The air was cold and there was a thin fresh layer of snow on the ground on a cloudy afternoon in late January. My neighbor who looks after a few children, as well as her own, during the day had just put all of the little people down for their naps when someone started pounding on her door and ringing her doorbell over and over.

My home in Sioux Falls sets above street level by approximately three to three and a half feet. This means that the portion of the driveway from the sidewalk (at street level) to the main driveway (by the house) is about a 20º to 25º incline. It’s not so steep that I cannot drive up and down it in the winter, but it’s steep enough to warrant extra care when walking on it.

When my good-hearted neighbor reached her door she found a rabid female mail carrier. The mail carrier demanded to know who lived next door because she had just fallen on the driveway and she was going to file an offical complaint/grievance/make somebody’s life hell report over the whole matter.
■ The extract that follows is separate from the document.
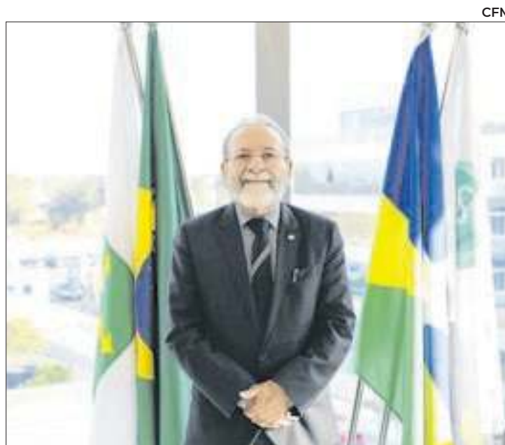
José Hiran Gallo segue à frente do CFM até 2029

“Honrarei os médicos brasileiros, assim como os médicos brasileiros honraram o processo eleitoral, amplamente democrático. Todos aqui foram eleitos pelos seus pares. Todos, sem exceção. E trabalharemos em prol da medicina brasileira”, disse ele, após o anúncio do resultado.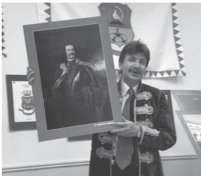
Nagy Csaba Rákóczi képével

I shovel my walks and driveway as soon as the snow stops falling and they’re always quite dry and safe. The only exception is where the melted snow that drains off of the roof runs down the driveway and freezes up as glare ice. It’s brutal, and it hurts when you fall down on it. I know. I have. Coincidentally, this is right in front of the mailbox.

Yes, yes, I know, what a horrible and mean trick to play on the mail carrier, but hold on a second. I do not receive ANY mail at that address. Neither does my grandma. With the exception of two pieces of mail in the past 8 months, there is never any mail delivered to that house. What, then, was this maniacal mail-woman doing on my driveway? Oh, that’s right, she doesn’t even cover that route – she was filling in. Yes, I have met and spoken to our regular mailman and he’s friendly and nice. I wrote about that sort of thing on Monday, remember?
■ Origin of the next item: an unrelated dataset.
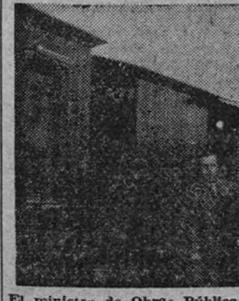
El ministro de Obras Públicas, señor Peña Bouff, en la ceremonia de bendición del primer convoy del nuevo ferrocarril Fuenferraz-Colmenar Viejo

El ministro de Obras Públicas, señor Peña, inauguró ayer, a las cinco de la tarde, la línea del ferrocarril de vía estrecha, trayecto de Madrid a Colmenar Viejo, con punto de enlace en el inmediato pueblo de Fuenferraz. La Jefatura de Explotación de Ferrocarriles por el Estado se hizo cargo de las instalaciones de esta vía férrea, que durante la guerra destruyó no sólo en las vías, sino en las estaciones y demás servicios. Hechas las reparaciones necesarias, se pone de nuevo en funcionamiento el trayecto desde Fuenferraz a Colmenar Viejo. Al acto de inauguración asistieron con el ministro el subsecretario del departamento, señor Granados, el director general de Ferrocarriles, don Pedro Benito Barrera, y personal técnico, así como los alcaldes y autoridades de Fuenferraz y Colmenar. Las estaciones estaban engalanadas, y en ellas el vecindario acudió en masa a presenciar el paso del tren oficial, que fué recibido con vitores. Esta pequeña línea presta- rá un valiosísimo servicio a los pueblos de Fuenferraz y Colmenar, que tienen de esta manera segura su comunicación con la capital.

Well, my neighbor had to do her best to keep from laughing at this poor substitute mail carrier and even invited her in to warm up, check for serious injury, or have some coffee or tea. I’d be willing to bet that there were no serious injuries to anything other than her pride. The mail-woman was too angry to accept any of the rational help my neighbor had offered. I suspect she was too busy working out that complaint in her head as well as plotting a most vile revenge.

Well, I never heard anything about a complaint or worse, but she may have succeeded in revenge. Vicki was kind enough to mail me some oatmeal cookies for helping her out with a little glitch in the code of her blog a while back. She mailed them 3 weeks ago today, as I recall. They still haven’t arrived. I hope that the angst filled mail-woman is enjoying my cookies. That would mean she figured out who I was, what PO Box is mine and intercepted the cookies, but that doesn’t seem far-fetched at all.

I only found out about this incident last weekend when I went over to ask my neighbors a question. That question was if they would mind if I take pictures of their dog, and if that’s alright if I may put them on the internet for the entire world to enjoy.